What is the mysterious "disease X"? The WHO claims it will cause an even deadlier pandemic

Lab / Photo: EPA-EFE / Fernando Bizerra

World Health Organization (WHO) compile a list of "priority diseases" which in the future could cause the next pandemic, he writes New York Post.

Most of the diseases on that list are already known to us - Ebola, SARS, Zika and so on – but the last disease on that list has a terrifying name "disease x".

The term "disease X" is used by the WHO to reserve a place on the list for a disease currently unknown to medical science that will cause infections in humans.

Since the cause of the disease – a virus, bacteria, fungus or something else – will still be unknown, there will likely be no vaccines or cures available.

"This is not science fiction. This is a scenario for which we must prepare. It's 'disease X,'” says Dr. Richard Hatchett of the Coalition for Epidemic Preparedness Innovations (CEPI).

CEPI was founded in early 2017 by the governments of Norway and India, the Bill & Melinda Gates Foundation, the Welcome Trust and the World Economic Forum and is a partnership between public, private, philanthropic and civil society organisations. CEPI's mission is to fund and coordinate the development of vaccines to protect the world from future epidemics.

One of the ways CEPI intends to do this is by supporting the development of "platform technologies" that will accelerate the production of vaccines against new and unknown pathogens such as the predicted "Disease X".

As for the term "disease X" itself, it was coined by the World Health Organization in 2018. By including the disease in the list of priority diseases, the WHO warns of the risk of some new, still unknown pathogens.

The same year, in British "Telegraph" an article appeared by Dr. Hatchett in which he describes the reappearance of the ebola virus in Africa, which is now much easier to control because we know it and there are vaccines and drugs.

"But imagine a virus that we've never seen before, for which there is no cure, and which could threaten thousands, maybe even millions of people around the world. Aside from the lives of those affected, imagine what effect that would have on the world economy?” asked Dr.
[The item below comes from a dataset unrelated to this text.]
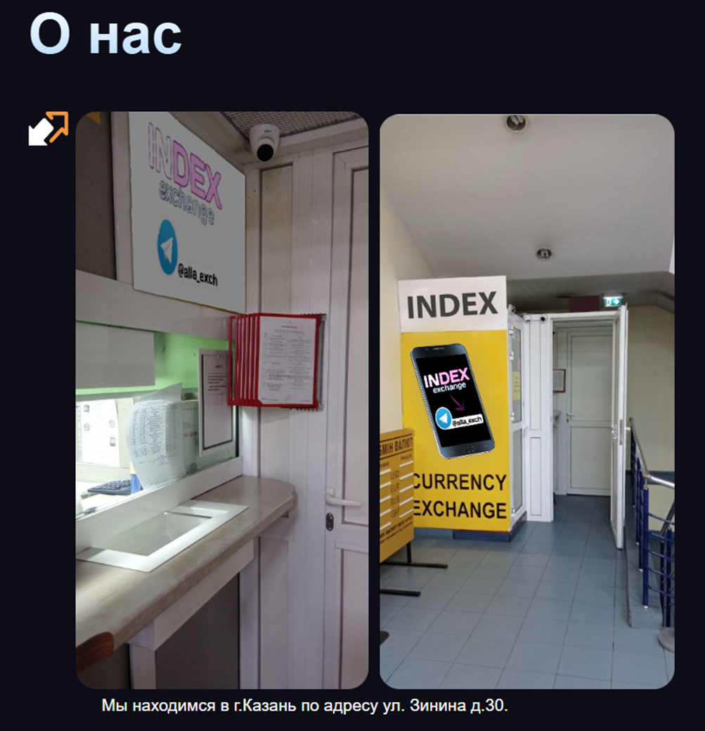 Пишут, что есть физический адрес обменника Index Exchange в городе Казань, улица Зинина, дом 30. Яндекс-карты такой адрес не находят. По неподтвержденным сведениям, на этом месте и с таким адресом идет строительство жилого дома. Представители сервиса пишут, что есть отдельно стоящее двухэтажное здание с вывеской «Currency exchange» между автомойкой и остановкой общественного транспорта, видимо, временное незарегистрированное строение.

Hatchett in the article.

But it didn't take long to imagine.

A year later, when covid-19 began to spread across China, the world witnessed a deadly pandemic caused by the new virus. At that point it was "Disease X."

"It is no exaggeration to say that there is a possibility that 'Disease X' will emerge very soon," said Dr. Pranab Chatterjee, a researcher in the Department of International Health at the Johns Hopkins Bloomberg School of Public Health in Baltimore. "The recent wave of H5N1 bird flu in Cambodia is just an example," Chatterjee added.
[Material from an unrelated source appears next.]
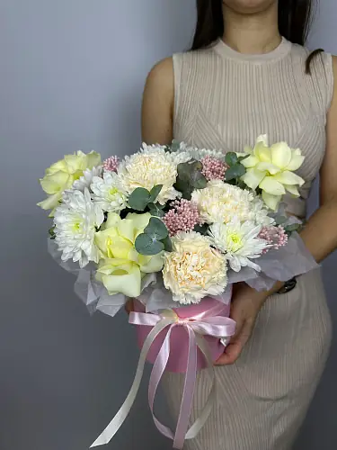 Букет живых цветов с хризантемой и белой французской розой в шляпной коробке

Some public health experts believe that the next "Disease X" will be zoonotic, which means it will originate from wild or pets, and then it will go to the people.

Ebola, HIV/AIDS and covid-19 were zoonotic diseases.

However, there are other sources of the disease, and one of them may be in the future bioterrorism.

"We do not ignore the possibility of a manufactured pathogen," say the authors of the article published in 2021.

"The spread of such pathogens, either by accidental laboratory accidents or their deliberate release, could cause 'Disease X' and have catastrophic consequences," they added.

There is another possibility to work on the n. "zombie viruses" which were frozen in permafrost for centuries, but are now being released due to climate change and melting ice.

Some of the priority diseases on the WHO list are Marburg virus, Crimean-Congo hemorrhagic fever, Nipah and other henipaviruses, Rift Valley fever and MERS.

In order to prevent or combat the imagined "Disease X", medical experts are calling very loudly for increased investment in surveillance and research of viruses with pandemic potential.

"Covid-19 was not the first epidemic to cause many problems in the world, and it will not be the last," wrote the authors of the article in the journal "Infection Control & Hospital Epidemiology." "That is why we must prepare for the outbreak of the next pandemic as soon as possible."